■ **Activity**
Please keep to the lines below from the one with "Букет из 15" through the one with "Elegant Peacock-Inspired Two-Tone", and restate them word for word, ends included.

■ **Dataset entries**

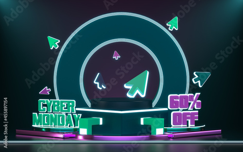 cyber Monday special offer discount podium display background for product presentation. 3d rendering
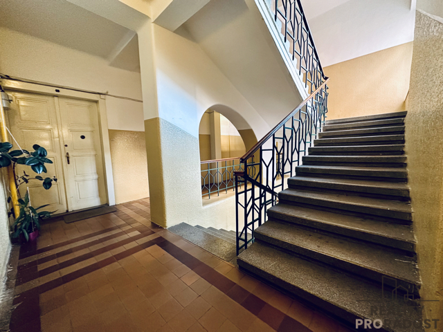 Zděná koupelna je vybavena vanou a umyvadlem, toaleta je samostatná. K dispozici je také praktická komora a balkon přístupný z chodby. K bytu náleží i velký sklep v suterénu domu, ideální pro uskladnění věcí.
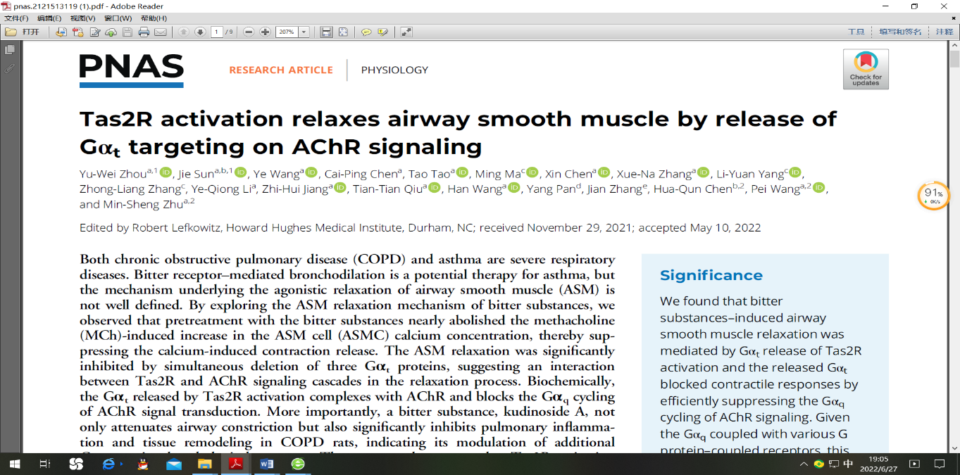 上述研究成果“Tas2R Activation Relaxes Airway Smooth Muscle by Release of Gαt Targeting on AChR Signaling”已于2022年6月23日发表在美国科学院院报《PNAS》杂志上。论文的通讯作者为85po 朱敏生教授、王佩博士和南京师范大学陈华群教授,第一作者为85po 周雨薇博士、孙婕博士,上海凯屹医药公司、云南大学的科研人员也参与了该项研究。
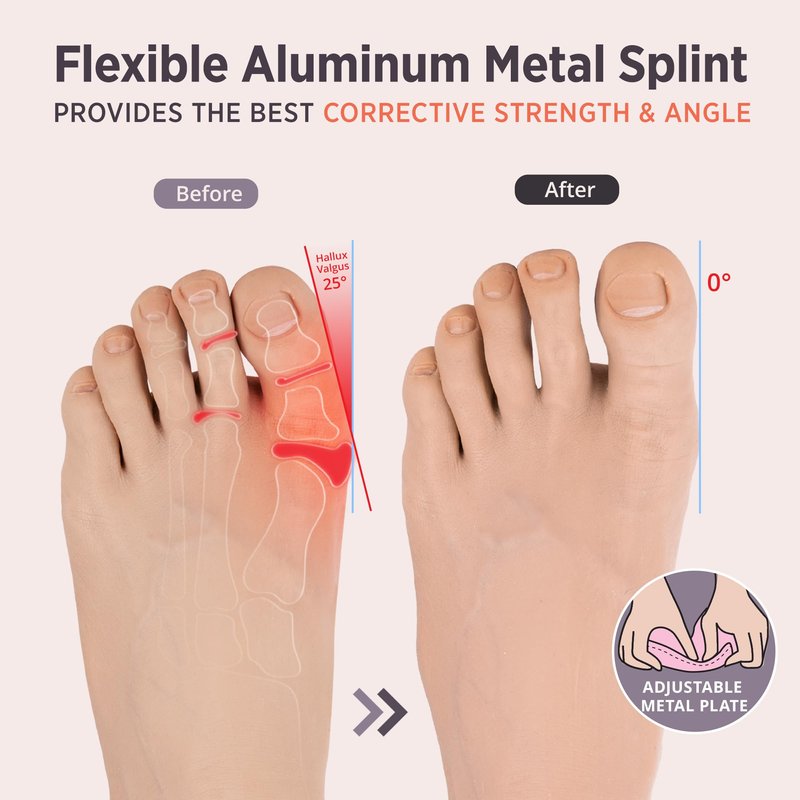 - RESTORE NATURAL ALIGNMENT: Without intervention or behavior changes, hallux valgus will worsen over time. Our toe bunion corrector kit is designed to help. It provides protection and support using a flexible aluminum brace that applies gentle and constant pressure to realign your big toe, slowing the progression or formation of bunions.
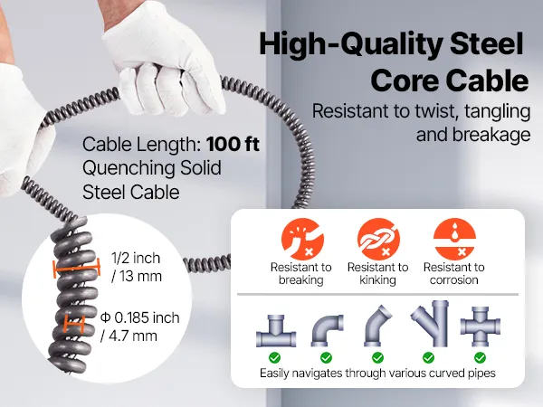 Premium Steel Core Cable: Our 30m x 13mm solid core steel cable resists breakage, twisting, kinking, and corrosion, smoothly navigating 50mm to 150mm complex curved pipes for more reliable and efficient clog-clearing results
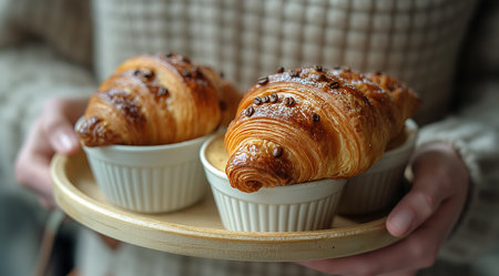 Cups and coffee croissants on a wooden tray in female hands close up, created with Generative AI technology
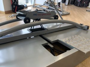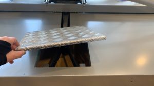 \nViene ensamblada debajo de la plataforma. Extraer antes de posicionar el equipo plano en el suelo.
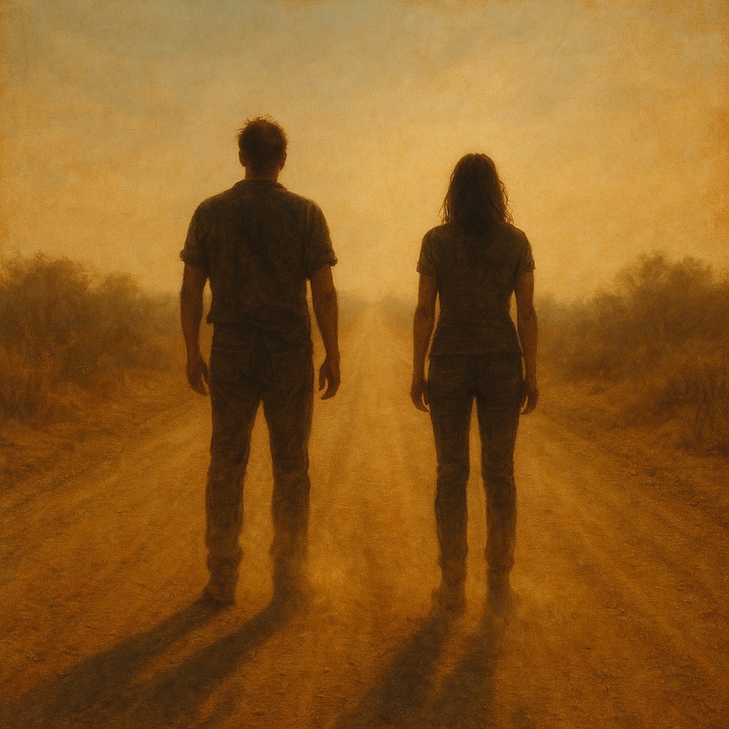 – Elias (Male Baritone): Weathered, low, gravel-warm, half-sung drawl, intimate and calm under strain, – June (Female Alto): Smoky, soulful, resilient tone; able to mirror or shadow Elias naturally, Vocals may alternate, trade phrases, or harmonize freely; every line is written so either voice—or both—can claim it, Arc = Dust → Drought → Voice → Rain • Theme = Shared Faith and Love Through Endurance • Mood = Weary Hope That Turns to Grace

...

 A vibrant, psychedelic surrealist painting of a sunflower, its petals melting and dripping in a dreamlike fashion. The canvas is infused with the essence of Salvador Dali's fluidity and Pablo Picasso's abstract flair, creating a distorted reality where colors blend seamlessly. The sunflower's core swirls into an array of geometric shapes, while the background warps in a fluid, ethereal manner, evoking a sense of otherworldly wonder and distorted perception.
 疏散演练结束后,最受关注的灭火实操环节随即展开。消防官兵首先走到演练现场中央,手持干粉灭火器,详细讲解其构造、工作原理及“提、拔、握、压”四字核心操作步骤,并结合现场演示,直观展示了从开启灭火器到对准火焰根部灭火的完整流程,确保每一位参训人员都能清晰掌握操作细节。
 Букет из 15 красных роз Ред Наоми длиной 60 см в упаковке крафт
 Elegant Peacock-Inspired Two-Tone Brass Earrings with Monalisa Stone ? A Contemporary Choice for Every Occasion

■ **Answer to this task**
 Букет из 15 красных роз Ред Наоми длиной 60 см в упаковке крафт
 Elegant Peacock-Inspired Two-Tone Brass Earrings with Monalisa Stone ? A Contemporary Choice for Every Occasion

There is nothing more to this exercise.